= Required work =
From the material below, copy exactly the lines beginning with the one that contains "Мультяшные влюбленные кролики, зайцы" and ending with the one that contains "국회예산정책처 분석에 따르면"; the pictures stay out.

BEGIN Data shown

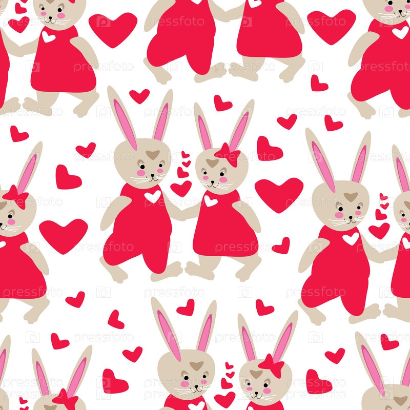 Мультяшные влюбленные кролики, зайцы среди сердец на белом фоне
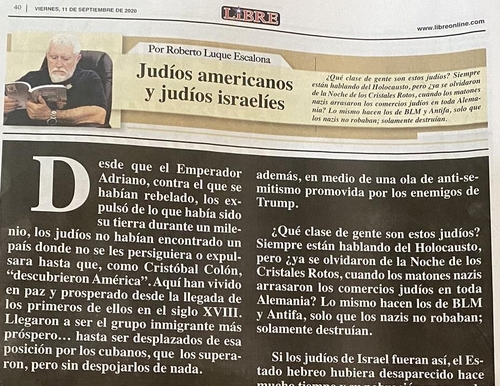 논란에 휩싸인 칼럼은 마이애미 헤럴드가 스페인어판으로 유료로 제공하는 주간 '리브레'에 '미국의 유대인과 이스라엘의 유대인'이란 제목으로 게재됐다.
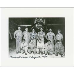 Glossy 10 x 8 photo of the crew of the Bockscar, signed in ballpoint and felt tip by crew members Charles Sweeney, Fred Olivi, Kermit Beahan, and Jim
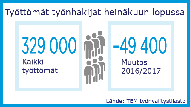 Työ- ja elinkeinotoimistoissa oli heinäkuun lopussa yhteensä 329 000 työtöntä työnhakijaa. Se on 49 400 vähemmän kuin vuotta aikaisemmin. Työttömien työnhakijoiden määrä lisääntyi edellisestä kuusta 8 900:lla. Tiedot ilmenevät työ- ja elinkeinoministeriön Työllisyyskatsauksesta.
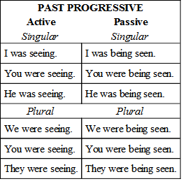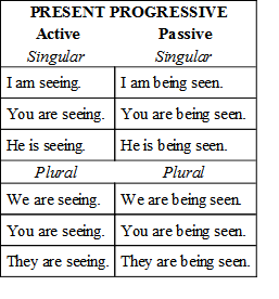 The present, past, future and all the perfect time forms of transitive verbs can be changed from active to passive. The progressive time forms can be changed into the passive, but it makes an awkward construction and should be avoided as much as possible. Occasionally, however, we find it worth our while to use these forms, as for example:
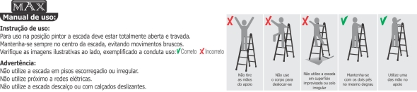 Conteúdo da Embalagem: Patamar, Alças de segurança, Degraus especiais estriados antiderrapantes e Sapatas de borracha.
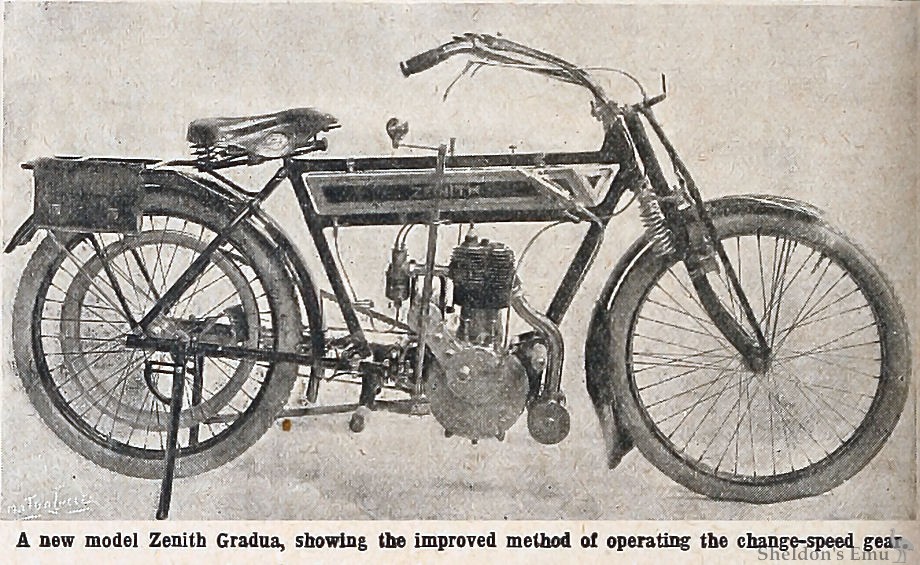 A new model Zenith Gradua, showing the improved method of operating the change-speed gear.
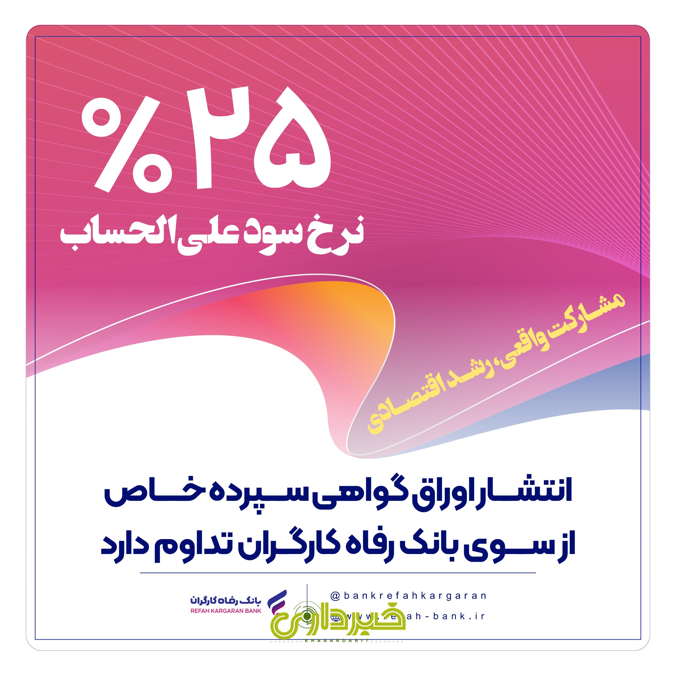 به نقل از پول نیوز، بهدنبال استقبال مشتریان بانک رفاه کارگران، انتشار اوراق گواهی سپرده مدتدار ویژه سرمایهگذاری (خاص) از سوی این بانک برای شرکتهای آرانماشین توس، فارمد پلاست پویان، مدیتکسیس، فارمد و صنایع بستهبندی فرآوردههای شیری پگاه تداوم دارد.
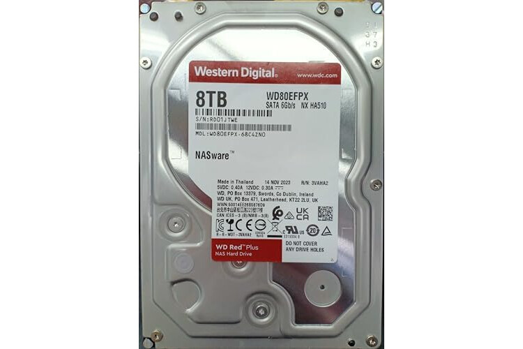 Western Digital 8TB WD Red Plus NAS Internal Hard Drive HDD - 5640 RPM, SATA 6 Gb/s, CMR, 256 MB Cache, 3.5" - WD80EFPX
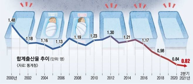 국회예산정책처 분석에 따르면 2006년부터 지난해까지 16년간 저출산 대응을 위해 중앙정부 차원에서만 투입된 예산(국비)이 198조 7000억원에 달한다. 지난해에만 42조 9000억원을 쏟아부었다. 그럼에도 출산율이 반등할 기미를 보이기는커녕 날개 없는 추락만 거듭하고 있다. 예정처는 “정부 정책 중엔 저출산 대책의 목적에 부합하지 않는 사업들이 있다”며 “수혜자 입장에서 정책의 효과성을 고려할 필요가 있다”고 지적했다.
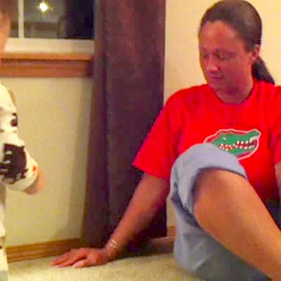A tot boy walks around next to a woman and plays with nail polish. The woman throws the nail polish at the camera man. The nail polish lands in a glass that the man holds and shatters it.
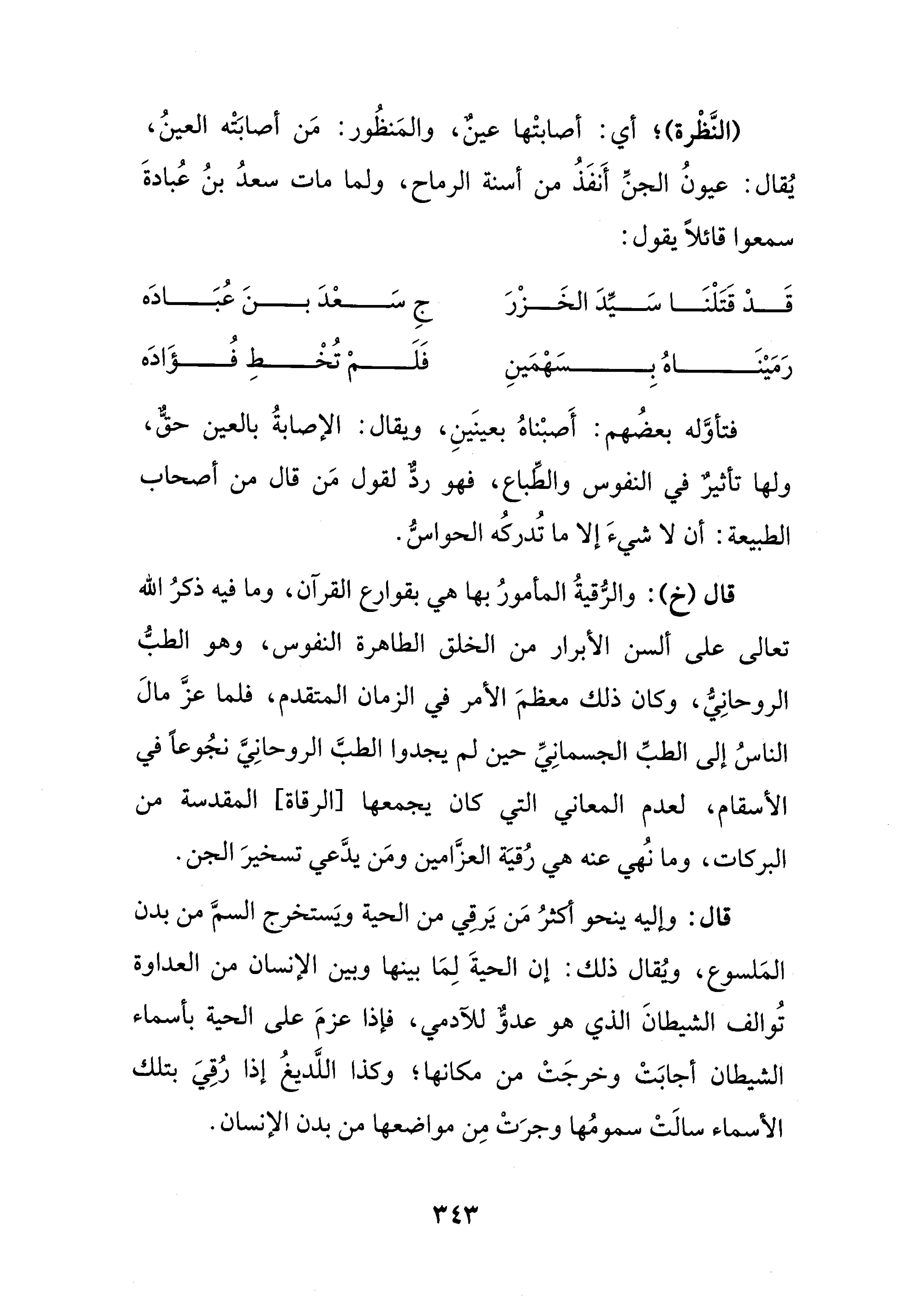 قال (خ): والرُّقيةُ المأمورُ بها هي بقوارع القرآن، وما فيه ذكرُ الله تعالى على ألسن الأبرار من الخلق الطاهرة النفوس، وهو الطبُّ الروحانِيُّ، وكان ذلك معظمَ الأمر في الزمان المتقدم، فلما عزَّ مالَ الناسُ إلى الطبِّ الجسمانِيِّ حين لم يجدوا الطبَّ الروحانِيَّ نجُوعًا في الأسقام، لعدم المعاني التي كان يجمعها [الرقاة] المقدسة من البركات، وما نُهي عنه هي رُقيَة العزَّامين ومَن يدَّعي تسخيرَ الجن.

END Data shown
BEGIN Data shown

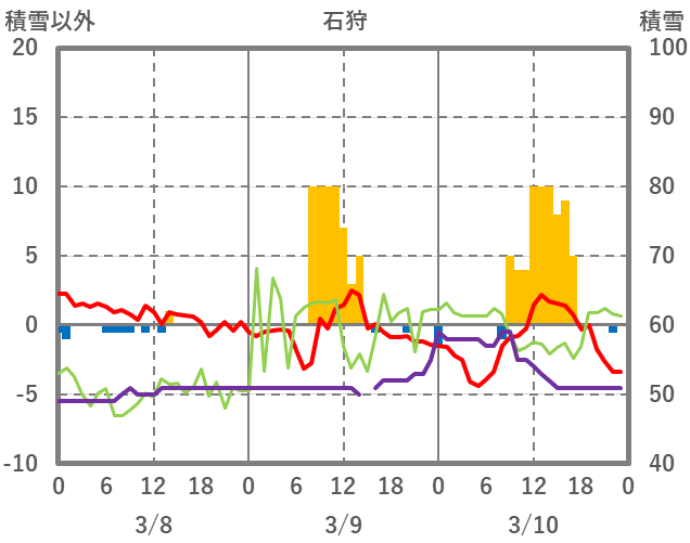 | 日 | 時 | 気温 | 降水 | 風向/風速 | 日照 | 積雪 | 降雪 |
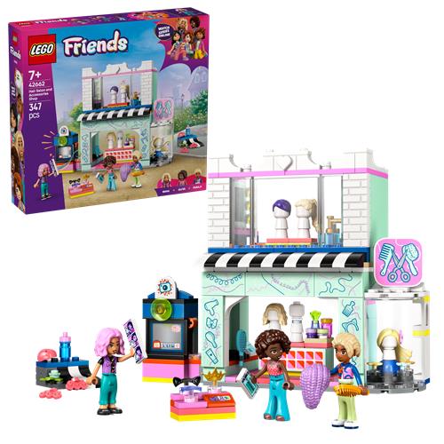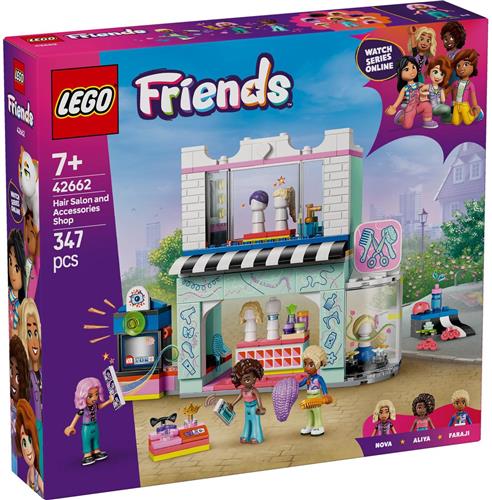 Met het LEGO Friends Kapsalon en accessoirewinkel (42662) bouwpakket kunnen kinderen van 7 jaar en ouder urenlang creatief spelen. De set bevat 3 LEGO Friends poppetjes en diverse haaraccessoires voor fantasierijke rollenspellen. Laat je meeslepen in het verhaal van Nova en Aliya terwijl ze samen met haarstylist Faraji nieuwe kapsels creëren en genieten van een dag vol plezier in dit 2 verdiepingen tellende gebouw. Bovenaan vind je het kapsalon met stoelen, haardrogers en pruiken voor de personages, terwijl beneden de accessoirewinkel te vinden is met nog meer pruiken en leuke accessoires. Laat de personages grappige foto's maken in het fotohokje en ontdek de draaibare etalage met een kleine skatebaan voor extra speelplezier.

END Data shown
BEGIN Data shown

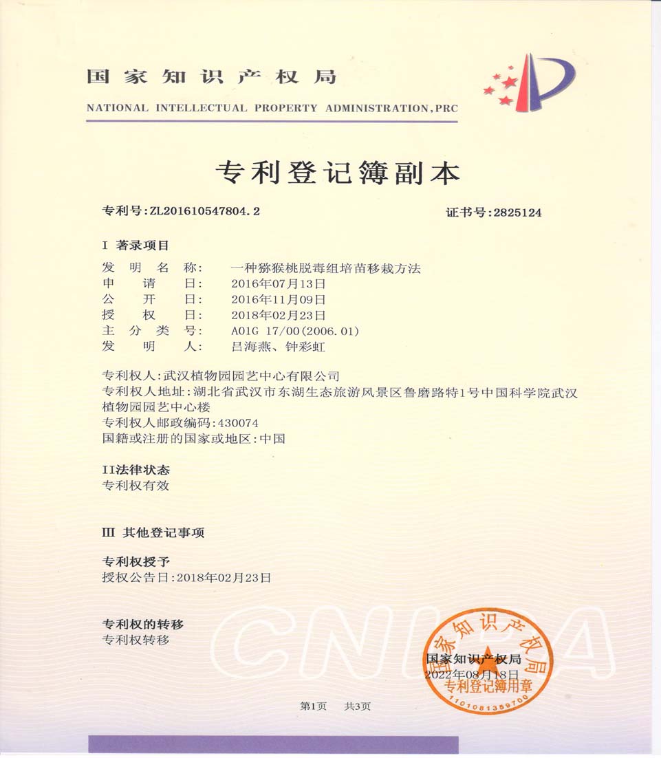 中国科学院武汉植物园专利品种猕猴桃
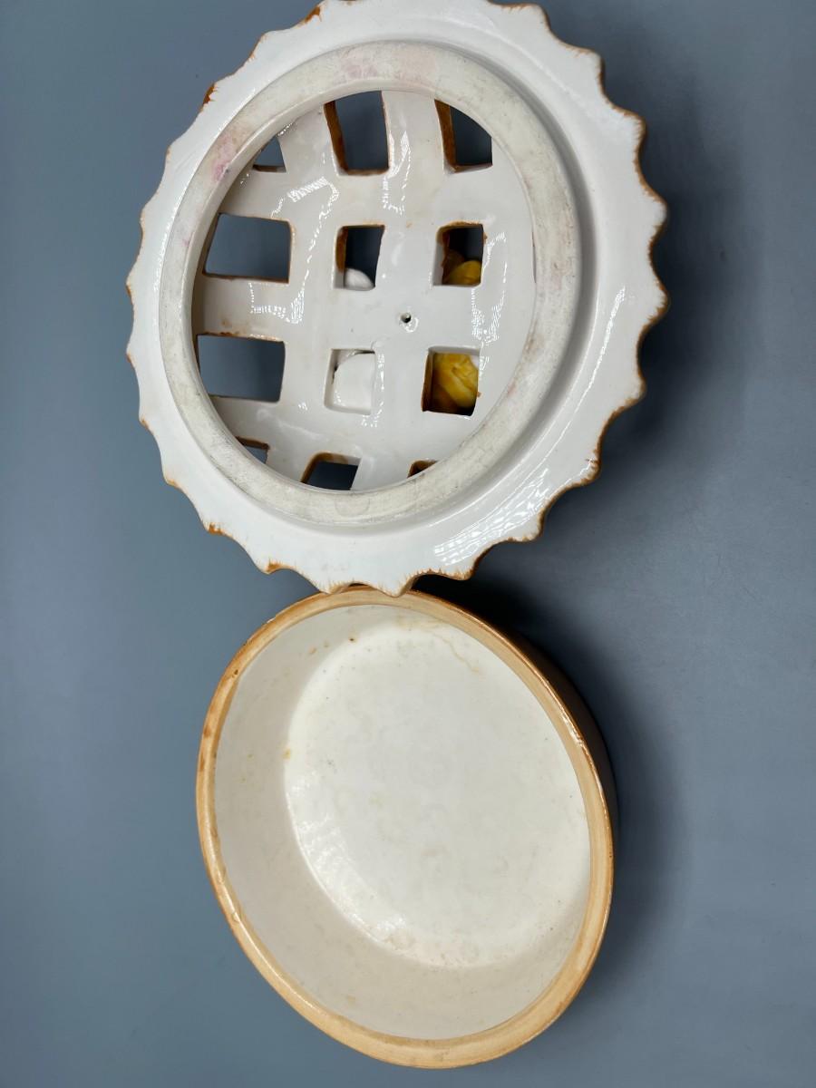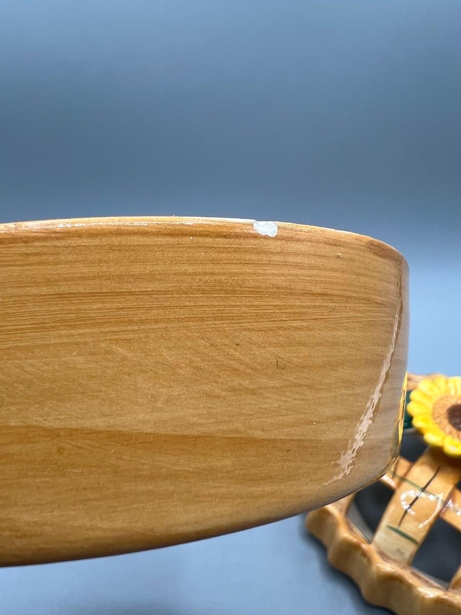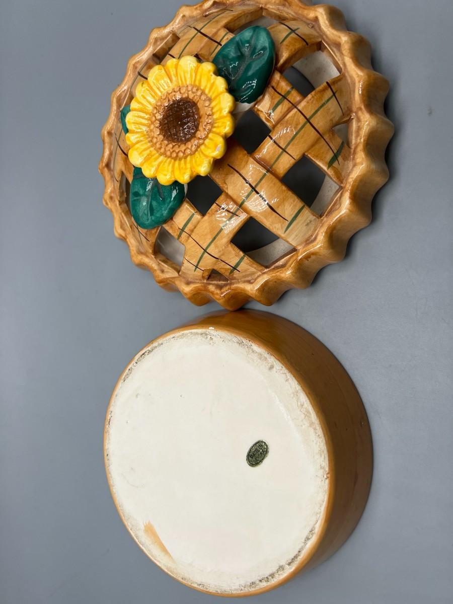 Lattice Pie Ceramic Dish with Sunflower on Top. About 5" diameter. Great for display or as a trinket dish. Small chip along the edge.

END Data shown

= Task result =
 Мультяшные влюбленные кролики, зайцы среди сердец на белом фоне
 논란에 휩싸인 칼럼은 마이애미 헤럴드가 스페인어판으로 유료로 제공하는 주간 '리브레'에 '미국의 유대인과 이스라엘의 유대인'이란 제목으로 게재됐다.
 Glossy 10 x 8 photo of the crew of the Bockscar, signed in ballpoint and felt tip by crew members Charles Sweeney, Fred Olivi, Kermit Beahan, and Jim
 Työ- ja elinkeinotoimistoissa oli heinäkuun lopussa yhteensä 329 000 työtöntä työnhakijaa. Se on 49 400 vähemmän kuin vuotta aikaisemmin. Työttömien työnhakijoiden määrä lisääntyi edellisestä kuusta 8 900:lla. Tiedot ilmenevät työ- ja elinkeinoministeriön Työllisyyskatsauksesta.
 The present, past, future and all the perfect time forms of transitive verbs can be changed from active to passive. The progressive time forms can be changed into the passive, but it makes an awkward construction and should be avoided as much as possible. Occasionally, however, we find it worth our while to use these forms, as for example:
 Conteúdo da Embalagem: Patamar, Alças de segurança, Degraus especiais estriados antiderrapantes e Sapatas de borracha.
 A new model Zenith Gradua, showing the improved method of operating the change-speed gear.
 به نقل از پول نیوز، بهدنبال استقبال مشتریان بانک رفاه کارگران، انتشار اوراق گواهی سپرده مدتدار ویژه سرمایهگذاری (خاص) از سوی این بانک برای شرکتهای آرانماشین توس، فارمد پلاست پویان، مدیتکسیس، فارمد و صنایع بستهبندی فرآوردههای شیری پگاه تداوم دارد.
 Western Digital 8TB WD Red Plus NAS Internal Hard Drive HDD - 5640 RPM, SATA 6 Gb/s, CMR, 256 MB Cache, 3.5" - WD80EFPX
 국회예산정책처 분석에 따르면 2006년부터 지난해까지 16년간 저출산 대응을 위해 중앙정부 차원에서만 투입된 예산(국비)이 198조 7000억원에 달한다. 지난해에만 42조 9000억원을 쏟아부었다. 그럼에도 출산율이 반등할 기미를 보이기는커녕 날개 없는 추락만 거듭하고 있다. 예정처는 “정부 정책 중엔 저출산 대책의 목적에 부합하지 않는 사업들이 있다”며 “수혜자 입장에서 정책의 효과성을 고려할 필요가 있다”고 지적했다.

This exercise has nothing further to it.